PROJECT SUMMARY/ABSTRACT
Nontuberculous mycobacteria (NTM) cause an emerging, chronic, and challenging to treat pulmonary disease
(PD) whose numbers now undeniably surpass tuberculosis cases in the United States (U.S.) and other
geographic regions globally. NTM infections are notoriously difficult and expensive to eradicate, prone to relapse
and reinfection, and refractory to current anti-mycobacterial therapies. The environmental niches of NTM also
remain largely ill-defined. This lack of knowledge contributes to the on-going frustration to understand where
these pulmonary infections are acquired. In the U.S., Hawai’i is a geographic hot spot for NTM PD. Our work in
Hawai’i revealed an abundance of respiratory important NTM including Mycobacterium abscessus subsp.
abscessus, Mycobacterium avium, and Mycobacterium chimaera in household and non-household water
biofilms and soil. A unique environmental factor that may impact NTM PD in Hawai’i is exposure to aerosol
pollutants from the Kilauea volcano, one of the most actively erupting volcanoes on Earth. Fine volcanic ash
particles can be breathed deep into the lungs causing irritation and cough. But, is it possible for volcanic ash to
also carry infectious NTM? Through our data, we show microbiological culture of viable M. abscessus, M. avium,
and M. chimaera from ash recovered during the 2018 eruption of Kilauea and also from the Kilauea environment,
supporting the possibility of volcanic ash as a newly described fomite for NTM. We demonstrate Kilauea ash is
not directly toxic to Kilauea-derived NTM and that ash exposure reduces NTM control by human macrophages.
Our project’s broad, long-term objective is to elucidate the innate immunological mechanisms used by human
lung cells in response to NTM infection and aerosol pollutants such as volcanic ash, providing implications that
extend beyond Hawai’i with millions of people worldwide living within kilometers of actively erupting volcanoes.
Herein, we leverage our unique collection of volcanic ash and NTM isolates recovered from Kilauea ash, the
Kilauea environment, and other Hawai’i and non-Hawai’i samples to test the hypothesis that Kilauea ash
exacerbates control of NTM infection by healthy lung cells through antagonizing NLRP3 inflammasome-mediated
pyroptosis defenses.
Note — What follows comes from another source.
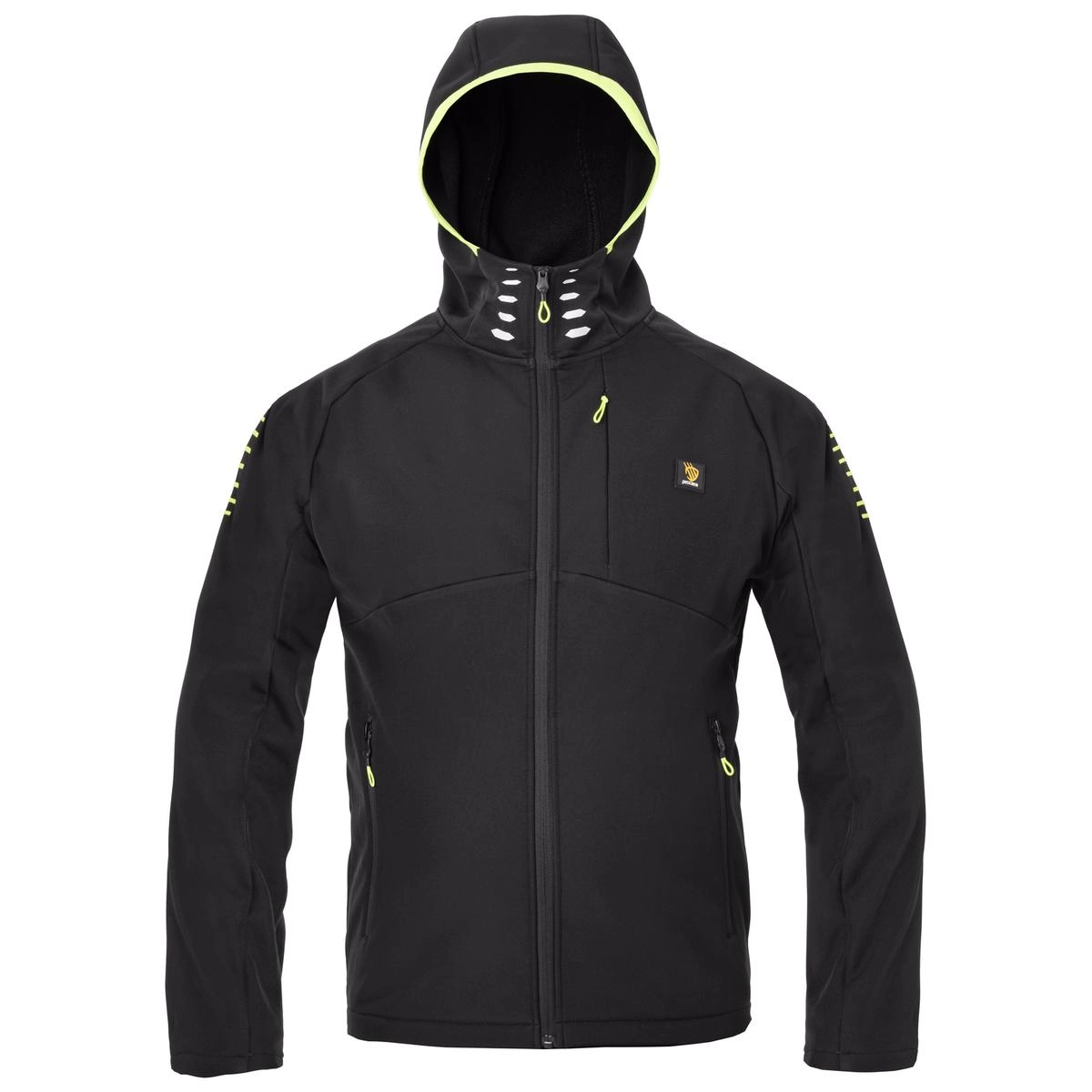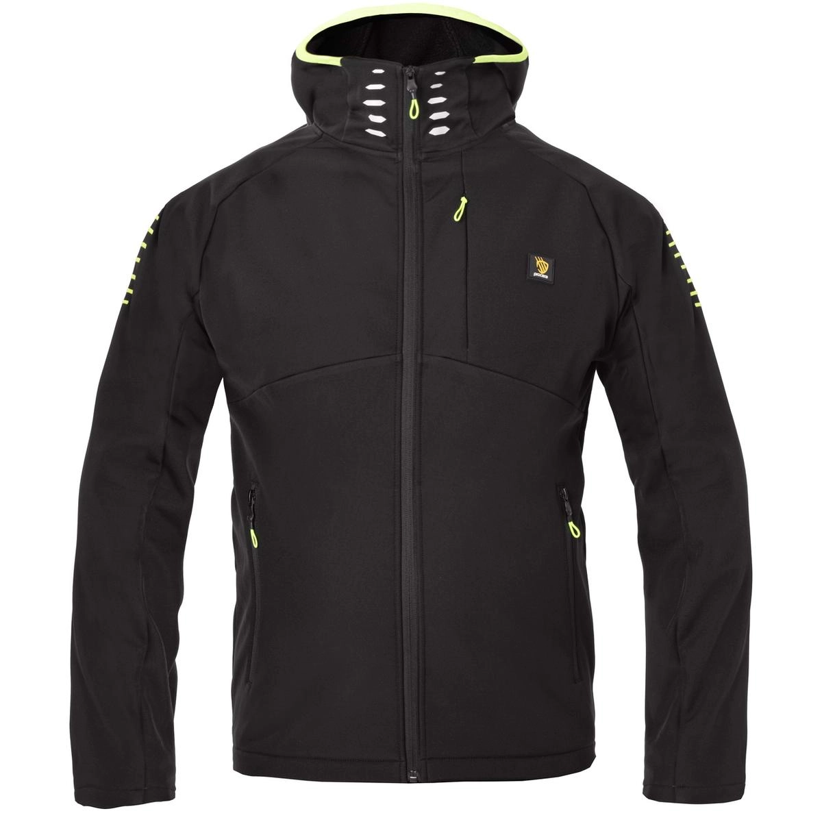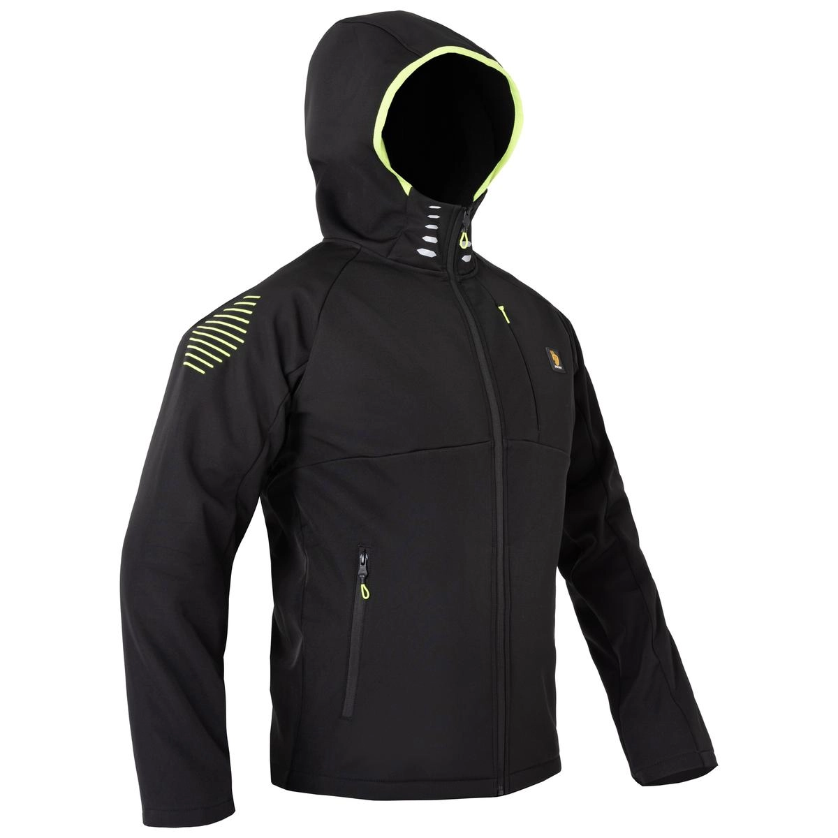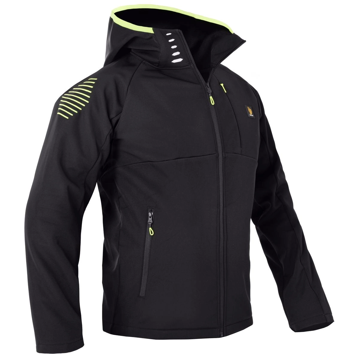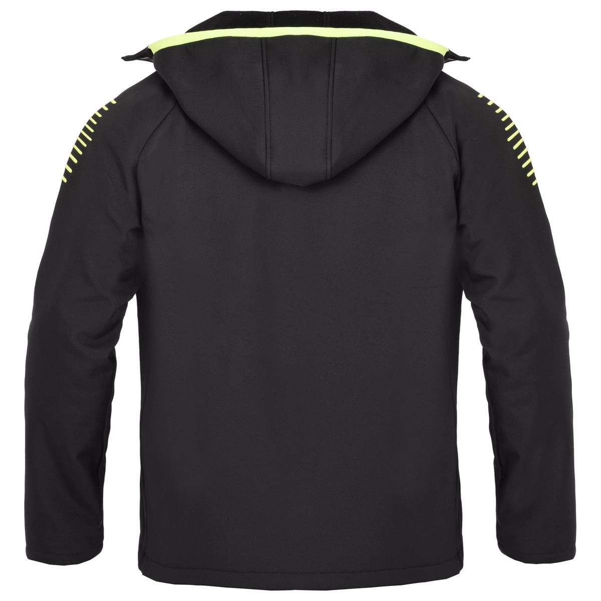 Kurtka wielosezonowa męska w kolorze czarnym z neonowymi wstawkami z polarowym wykończeniem od wewnątrz. Softshell doskonale sprawdza się w warunkach chłodu, wiatru i wilgoci.

In this proposal, we will: (i) Investigate the biological consequences of Kilauea ash
exposures on Kilauea NTM fitness in the absence of host cells and (ii) Determine the effect of Kilauea ash on
NLRP3 inflammasome-mediated pyroptosis in clearance of NTM using primary human alveolar macrophages
and airway epithelial cells cultured at the air-liquid interface from healthy donors, but also introduce a new 3D
apical out airway epithelial organoid culture system to study innate immune responses to Kilauea NTM and
Kilauea ash. The study’s broad application will be a reduction in the biological uncertainties surrounding how
exposure to specific environmental respiratory pollutants of global significance such as volcanic ash influences
NTM survival inside and outside of healthy human lung cells, while simultaneously informing risk assessments
and therapeutic interventions in response to respiratory infections and volcanic ash exposures.